* Your assignment: Word for word, please copy the line containing "Delicate blooms texture" and all lines after it in the entries below, and only those, leaving every picture out.

* Dataset entries:

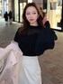 シアーとニットがドッキングされたトップス♡ 程よい透け感とボリュームのあるパフスリーブデザインが女性らしさUP♪
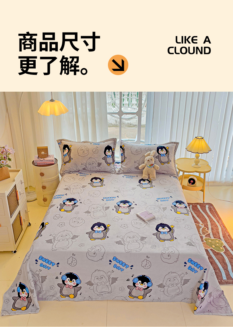 当前位置: 91家纺网 > 商品网购 > 床上用品 > 床单 > 名兮家居 2024新款时尚卡通风高克重牛奶绒床单-盖毯 企鹅宝宝
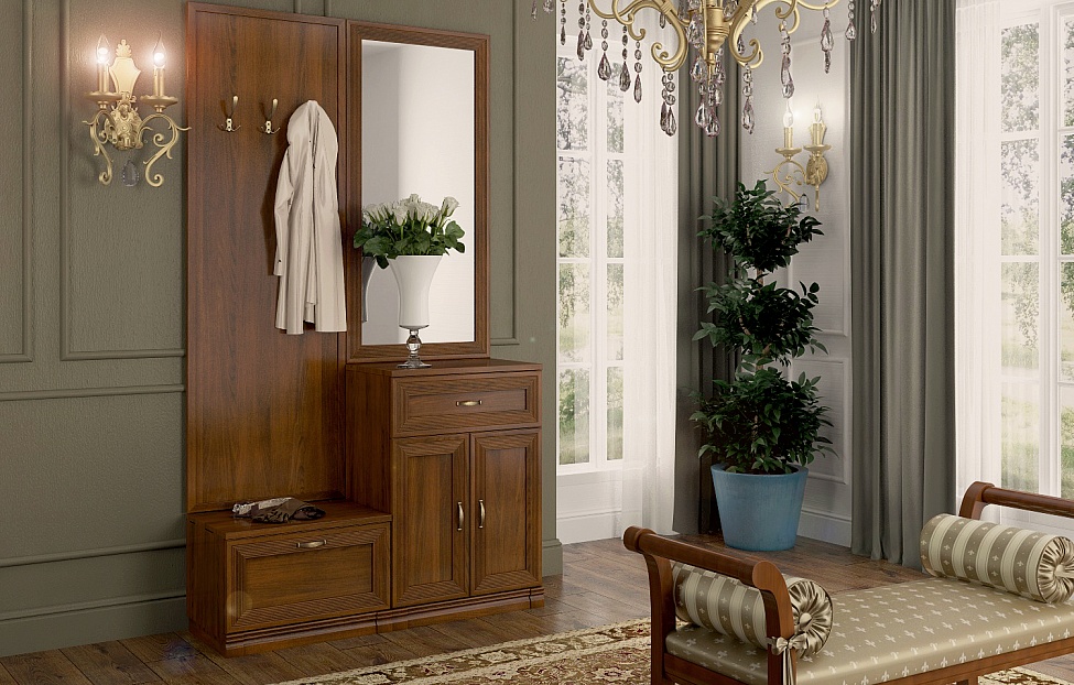Компактная и функциональная, Композиция №3, очаровательна в своей строгой элегантности и традиционности. В ней есть все, что необходимо – небольшое аккуратное зеркало, две тумбы для обуви и панель-вешалка. Эта композиция идеально подойдет для небольших прихожих.
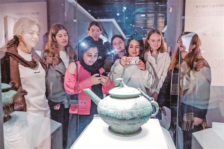 10月26日,安徽师范大学外国留学生应邀参访芜湖市繁昌区孙村镇中分村和繁昌博物馆。留学生们在繁昌博物馆里参观游览,在中分村金色的稻田里漫步,聆听稻田音乐会,沉浸式体验中国文化与乡村魅力。(特约摄影师 肖本祥 摄)
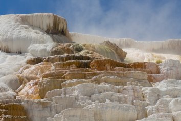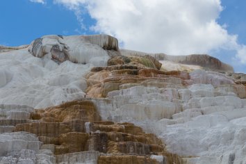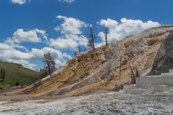 Hier schauen wir uns am Nachmittag die Sinterterrassen an und laufen zuerst den Boardwalk auf der Upper Terrasse Loop ab, wo es natürlich deutlich belebter ist als auf unserer Wanderung von heute Morgen.
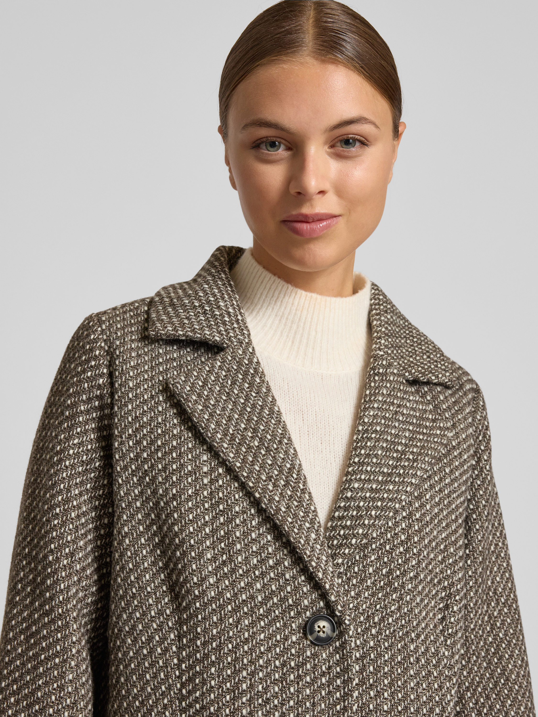Płaszcz z kołnierzem z połami model ‘NADIM’ - jasnobrązowy melanż
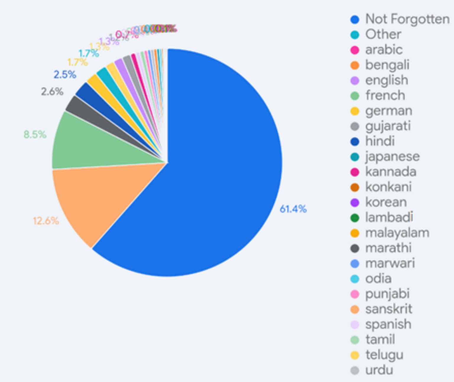 In the context of multilingualism and changing patterns of use, we asked the students if they had forgotten any of the languages they had acquired or learned. The data are presented in Figure 6. A majority of the students (61%) said that they had not forgotten any of the languages they knew (which included a large number of Hindi–English bilinguals), while the rest (about 39%) indicated some language loss. The kind of loss also varied from a loss of writing skills (forgetting the script) and some lexical attrition to a complete loss. Unsurprisingly, the most frequently forgotten languages were those acquired in school, formally, as a third language. Sanskrit, the third language that is most frequently learned (29%), was the most frequently mentioned forgotten language (12.6%). Other languages mentioned include French, Spanish, German, Hindi, Marathi, Telugu, Gujarati, Kannada, Tamil, Marwari, Urdu, Punjabi, including many potential L1s. The regional language that was acquired was often the one lost, apart from the languages that were learned merely in a classroom, and comprised almost 10% of the responses. Language attrition over time was significant but not limited to L1 that was acquired first. There seemed to be a mixed pattern arising as much from a lack of functional relevance as from a lack of sustained exposure, which is critical to language maintenance. The TLF, then, is not in itself adequate to ensure retention.
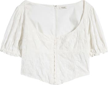 Delicate blooms texture this darling top designed with the sweetest of necklines.
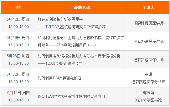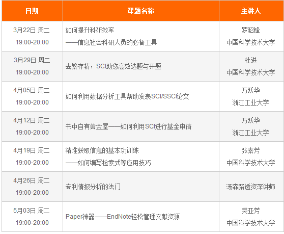 2016年3月22日汤森路透WOS春季在线大讲堂,开始开讲。本学期来自知名高校的专家和汤森路透的资深讲师将通过13节精彩的在线免费课程,和大家一起在浩瀚的学术文海中捕捉激发科研创新的闪光灵感、在科研创新生命周期中玩转从探索发现到成果转化的每个阶段,并将聚焦“成果转化”探讨如何运用专利数据和情报分析工具乐享创新成果。欢迎老师同学们参与!科研与研发人员专场
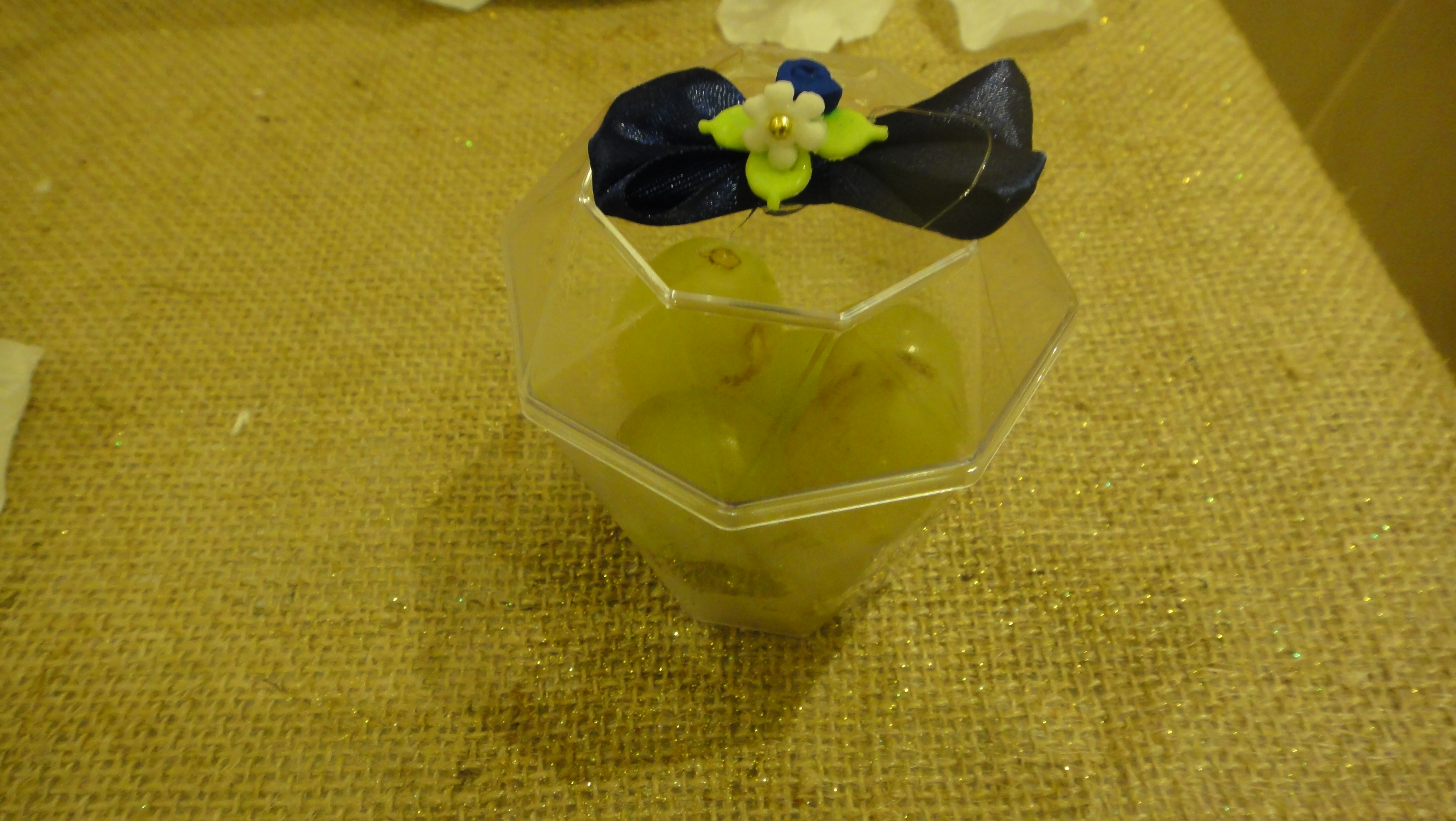 Por fim, vou mostrar os potinhos que fiz para colocar as sete uvas e distribuir para os meus convidados terem muita sorte no ano novo.
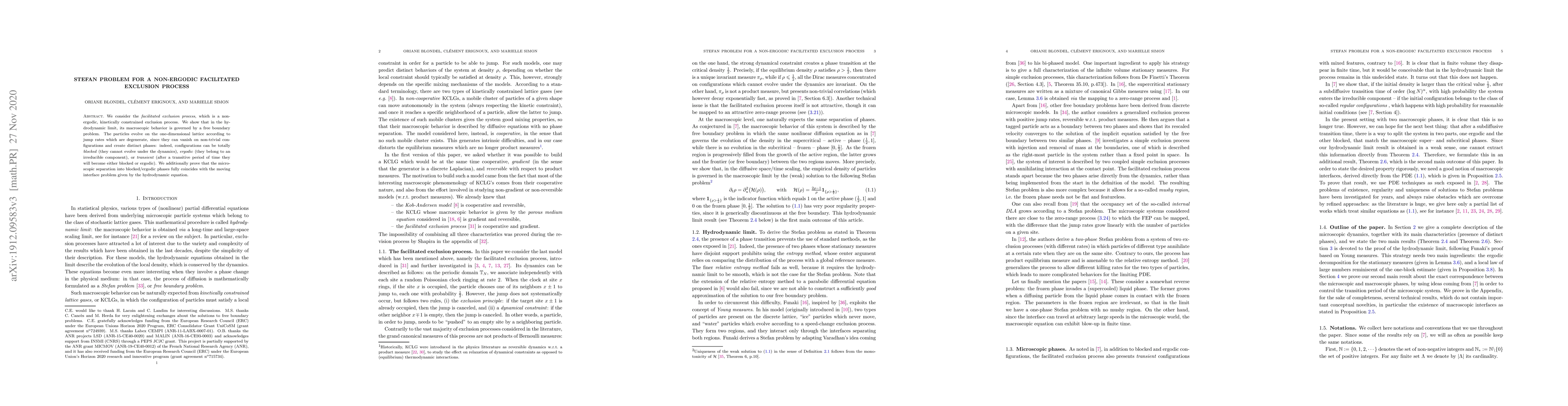 This paper studies the facilitated exclusion process, a kinetically constrained model, and demonstrates that its macroscopic behavior in the hydrodynamic limit is governed by a free boundary problem. The process exhibits distinct phases—blocked, ergodic, and transient—and the separation into these phases aligns with the moving interface problem described by the hydrodynamic equation.

* Response:
 Delicate blooms texture this darling top designed with the sweetest of necklines.
 2016年3月22日汤森路透WOS春季在线大讲堂,开始开讲。本学期来自知名高校的专家和汤森路透的资深讲师将通过13节精彩的在线免费课程,和大家一起在浩瀚的学术文海中捕捉激发科研创新的闪光灵感、在科研创新生命周期中玩转从探索发现到成果转化的每个阶段,并将聚焦“成果转化”探讨如何运用专利数据和情报分析工具乐享创新成果。欢迎老师同学们参与!科研与研发人员专场
 Por fim, vou mostrar os potinhos que fiz para colocar as sete uvas e distribuir para os meus convidados terem muita sorte no ano novo.
 This paper studies the facilitated exclusion process, a kinetically constrained model, and demonstrates that its macroscopic behavior in the hydrodynamic limit is governed by a free boundary problem. The process exhibits distinct phases—blocked, ergodic, and transient—and the separation into these phases aligns with the moving interface problem described by the hydrodynamic equation.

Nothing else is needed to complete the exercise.